ECLI:NL:RBDHA:2023:22061
Rechtbank Den Haag
- Eerste aanleg - enkelvoudig
- Rechtspraak.nl
Beoordeling van het beroep tegen de afwijzing van de asielaanvraag van eiser met onbekende bestemming
In deze uitspraak beoordeelt de Rechtbank Den Haag het beroep van eiser tegen de afwijzing van zijn asielaanvraag. Eiser, die stelt de Marokkaanse nationaliteit te hebben, heeft op 4 juni 2022 een aanvraag voor een verblijfsvergunning asiel ingediend. Deze aanvraag is op 11 oktober 2023 door de Staatssecretaris van Justitie en Veiligheid afgewezen als kennelijk ongegrond, en er is een terugkeerbesluit zonder vertrektermijn en een inreisverbod van twee jaar opgelegd. Eiser heeft tegen dit besluit beroep ingesteld.
De rechtbank heeft het beroep op 21 november 2023 behandeld, waarbij de gemachtigden van zowel eiser als verweerder aanwezig waren. De rechtbank moest beoordelen of eiser nog procesbelang had bij de beoordeling van zijn beroep, nu hij met onbekende bestemming is vertrokken en inmiddels in Zweden een nieuwe asielaanvraag heeft ingediend. Verweerder stelde dat eiser geen procesbelang meer had, terwijl de gemachtigde van eiser betoogde dat er nog steeds belang was bij een inhoudelijke beoordeling van het beroep.
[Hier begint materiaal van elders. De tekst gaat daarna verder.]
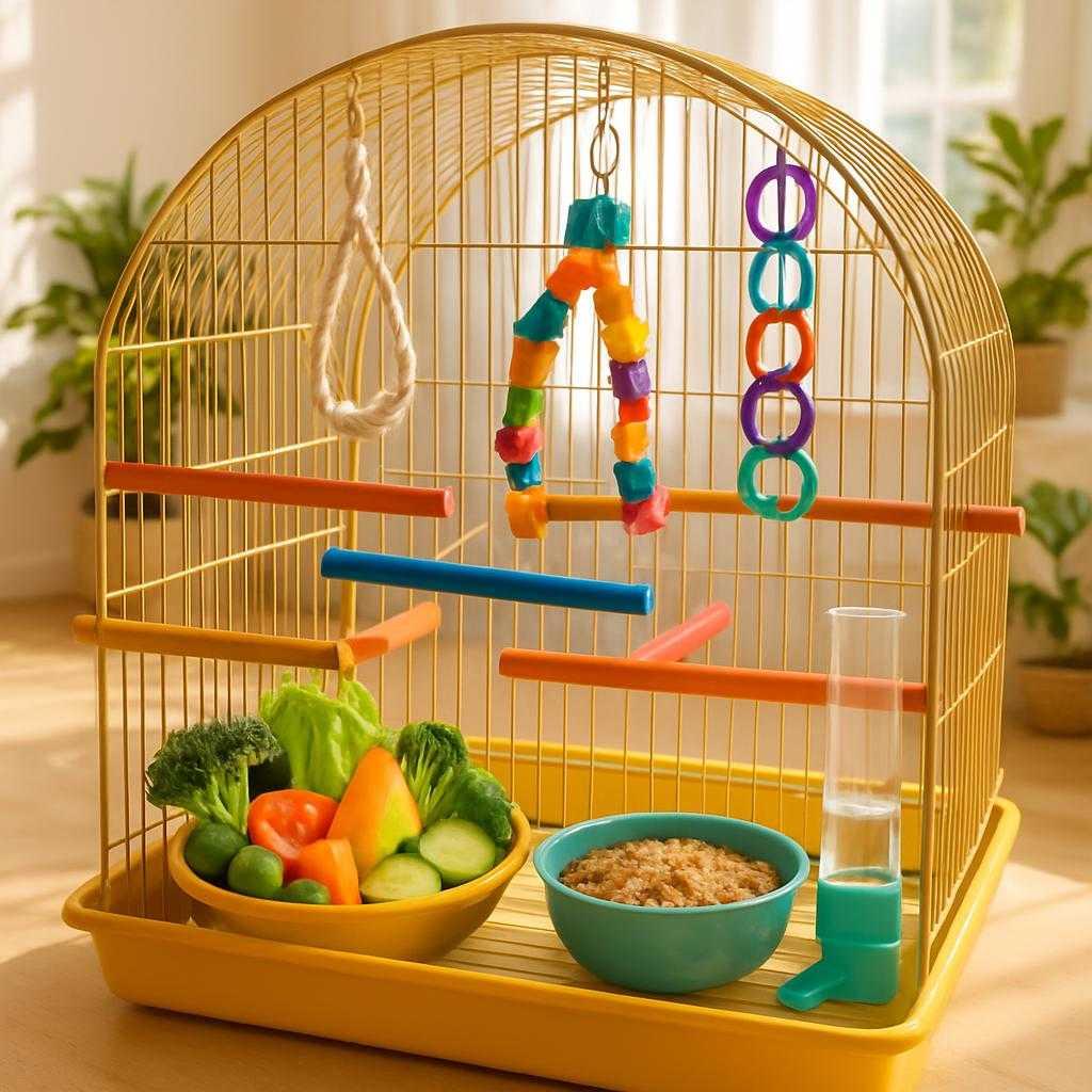 - מוטות עמידה במגוון עוביים עליהם יוכל התוכי לנוע וגם לקפץ ביניהם

De rechtbank concludeert dat eiser geen belang meer heeft bij een inhoudelijke beoordeling van zijn beroep, omdat hij met onbekende bestemming is vertrokken en geen prijs meer stelt op bescherming in Nederland. De rechtbank verklaart het beroep daarom niet-ontvankelijk en er is geen aanleiding voor een proceskostenveroordeling. De uitspraak is gedaan door mr. E.E.M. van Abbe en bekendgemaakt op 30 november 2023.